At the end of dyeing, exhausted dye solutions were measured using an Agilent 8453 UV–VIS spectrophotometer. First, a calibration plot of concentration vs. absorbance was produced at the wavelength of max absorption by measuring the absorbance of dye solutions with certain concentrations. Then the residual dye solution was diluted and measured at λ_max and the concentration of the solution was calculated based on the calibration plot. The percentage of dye uptake was calculated from 100 × (1 − A₀/A) where A₀ and A are the absorbance of the dye solution before and after dyeing, respectively.

Colorfastness tests

Colorfastness to laundering was measured using AATCC Test Method 61 (AATCC 2012) using an Atlas LEF Launder-Ometer. A multi-fiber test fabric was attached to each sample to evaluate the staining and the test conditions were set according to the Test No. 2A. Colorfastness to crocking was measured according to AATCC Test Method 8 (AATCC 2012). Both dry and wet crocking test were measured using the AATCC automated crockmeter. Colorfastness to light of the dyed samples was measured using test option 3 in AATCC Test Method 16 (AATCC 2012). The color change after 20 and 40 continuous light-on operating hours of each dyed sample were measured separately using an Atlas Ci 3000+ Weather-Ometer. For all colorfastness tests, the evaluation of shade change and staining were made according to AATCC Evaluation Procedure 1 (AATCC 2012) and AATCC Evaluation Procedure 2 (AATCC 2012) using grey scale ratings from 1 to 5 where 5 implies no shade change.

Evaluation of mechanical properties

The mechanical properties of yarns, including breaking load and elongation, were measured using the ASTM Standard Test Method D2256-10 (ASTM 2010). The gauge length was set as 250 mm and the rate of operation was 300 mm/min. Yarns were extracted from different positions of the cotton fabrics randomly.

Results and discussion

The effect of cationization and mercerization

The cotton fabrics were cationized with different concentration of cationization solution while the molar ratio between NaOH and CHPTAC was kept constant based on previous work (Farrell 2011). The concentrations of the cationization solutions used are summarized in Table 1.

Table 1 Concentration of cationization solutions

Nitrogen content analysis

Figure 3 shows the nitrogen content of both unmercerized and mercerized cotton fabrics cationized with varying concentrations of cationic solutions with the uncationized fabrics as controls. The nitrogen content of the fabrics increased in proportion to the amount of CHPTAC applied. For mercerized cotton fabrics, the increase in nitrogen content was slightly higher than corresponding unmercerized cotton fabrics cationized with the same method. This may be because, after mercerization, the reactivity of cotton was improved due to increased accessibility of primary and secondary hydroxyl groups.

Fig. 3

Nitrogen content of unmercerized and mercerizd cotton fabrics cationized with varying concentrations of CHPTAC

The effect of mercerization and cationization on dyeing performance

To evaluate the dyeing properties of the cationized samples, the samples were dyed with 6 % on weight of fabric (owf) Remazol Black B (C.I. Reactive Black 5).

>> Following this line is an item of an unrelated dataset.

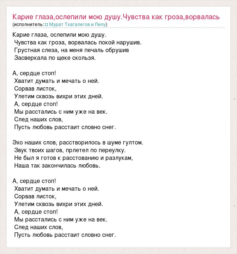 Карие глаза, ослепили мою душу. Чувства как гроза, ворвалась покой нарушив. Грустная слеза, на меня печаль обрушив Засверкала по щеке скользя. А, сердце стоп! Хватит думать и мечать о ней. Сорвав листок, Улетим сквозь вихри этих дней. А, сердце стоп! Мы расстались с ним уже на век. След наших слов, Пусть любовь расстаит словно снег. Эхо наших слов, расстворилось в шуме гултом. Звук твоих шагов, прлетел по переулку. Не был я готов к расстованию и разлукам, Наша так закончилась любовь. А, сердце стоп! Хватит думать и мечать о ней. Сорвав листок, Улетим сквозь вихри этих дней. А, сердце стоп! Мы расстались с ним уже на век. След наших слов, Пусть любовь расстаит словно снег.

After dyeing, colorimetric values (L*, a*, b*, C* and h°) of all samples were calculated (Table 2). In addition, K/S values were calculated for each sample (Fig. 4). The results of L* and K/S values show that both mercerization and cationization increased the depth of shade of dyed samples relative to the control. Also, the depth of shade increased as a function of CHPTAC concentration which is consistent with the nitrogen content analysis. However, the difference in L* and K/S between MC150 and MC200 was negligible. An indication of the degree of levelness for each sample was obtained by measuring lightness at 10 randomly selected places on the fabric. As shown in Table 2, the standard deviation of lightness (σ_L*) indicates that the treatments did not influence the levelness of dyeing.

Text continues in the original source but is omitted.